化学物質による体細胞ゲノム毒性の検出手法およびin vitroリスク評価法開発のための研究

・化学物質によるゲノム毒性検出法の開発
① 次世代シークエンサー（NGS）のエラーを低減し低頻度の体細胞突然変異を検出可能とするerror-corrected sequencing（ecNGS）を適用する。ecNGS解析に必要な量のDNA断片分子を確保する手法について検討し、PCR法により従来法の10分の1程度のDNA量（50ng程度、1万細胞程度）から十分量のDNA断片分子を確保することに成功した。また、細胞・DNA量の少ない条件に適用する手法を検討し、従来法の10分の1程度のDNA量（100ng程度、2万細胞程度）でecNGSによる解析を可能とする条件を見いだした。
② DNAメチル化等のいわゆるエピジェネティックな変化も、ゲノムの不安定性誘発の原因として無視できない。肝臓での遺伝子発現データを元に、遺伝毒性物質特異的に発現変化する４遺伝子（Bax, Btg2, Ccng1, Cdkn1a）が遺伝毒性の予測に有効であることを論文発表した。さらに、神経細胞、ミクログリアにおいてメチル化等エピジェネティクス異常を呈するターゲット遺伝子群等を文献調査した。その結果、グルココルチコイド受容体遺伝子（NR3C1）. オキシトシン受容体（OXTR）、TAR DNA-binding protein 43（TDP-43）などを候補として見いだした。また、DNAメチル化異常を引き起こす側の化学物質、いわゆる“epi-mutagen”の存在に関しても調査を行った。

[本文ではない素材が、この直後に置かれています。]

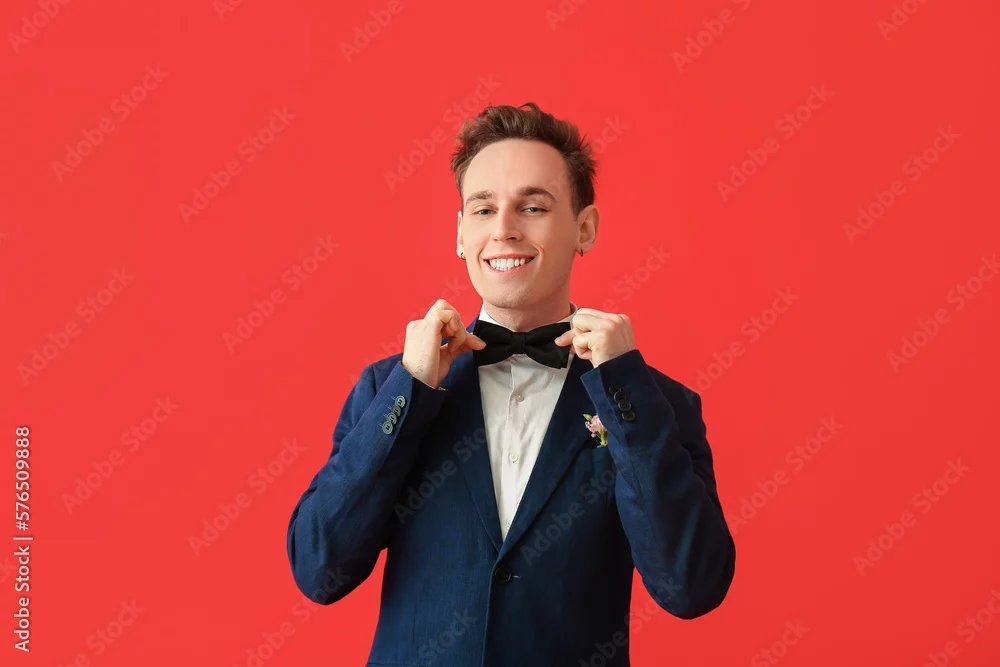 Young man in prom suit adjusting bow on red background

③ DNAメチル化異常の検出系として、ナノポアシークエンサーMinIONを用いて直接メチル化塩基を検出することによる簡便迅速な解析手法の開発を行った。さらに最近報告された片側鎖の変異、すなわちmismatch変異も検出できるというecNGS法であるHiDEF-Seq法についても応用可能性を調査した。
④ サイレントな細胞でのDNA影響のメカニズムとして、転写に関連した突然変異生成（Transcription-associated mutagenesis; TAM）に注目した。TAMの検出、解析にはDNA複製の影響を抑制しなければならないため、CDK阻害剤等を用いた適切な細胞分裂制御条件を明らかとした。
・神経細胞、ミクログリアの採材法開発と細胞老化指標の明確化
Miltenyi Biotec社のMACS Sample Preparation法を導入し、成体マウスと老齢マウスから、ゲノム毒性解析チームが求めるクオリティ（細胞数、生存率、純度）での神経細胞とミクログリアの分離手法を確立した。細胞レベルでの老化指標の整備を進め、分取細胞の培養方法を確立した。
化学物質によるゲノム毒性等生体影響の最小化に関する検討
・ミクログリアのゲノム毒性リカバリー法の基礎条件抽出と最適化を行った。そのために、Colony stimulating factor-1受容体（CSF1R）拮抗薬のON/OFFとミクログリアの（1）経鼻移植、及び（2）局所注入　の組み合わせにより、ミクログリアを移植、置換する技術を確立した。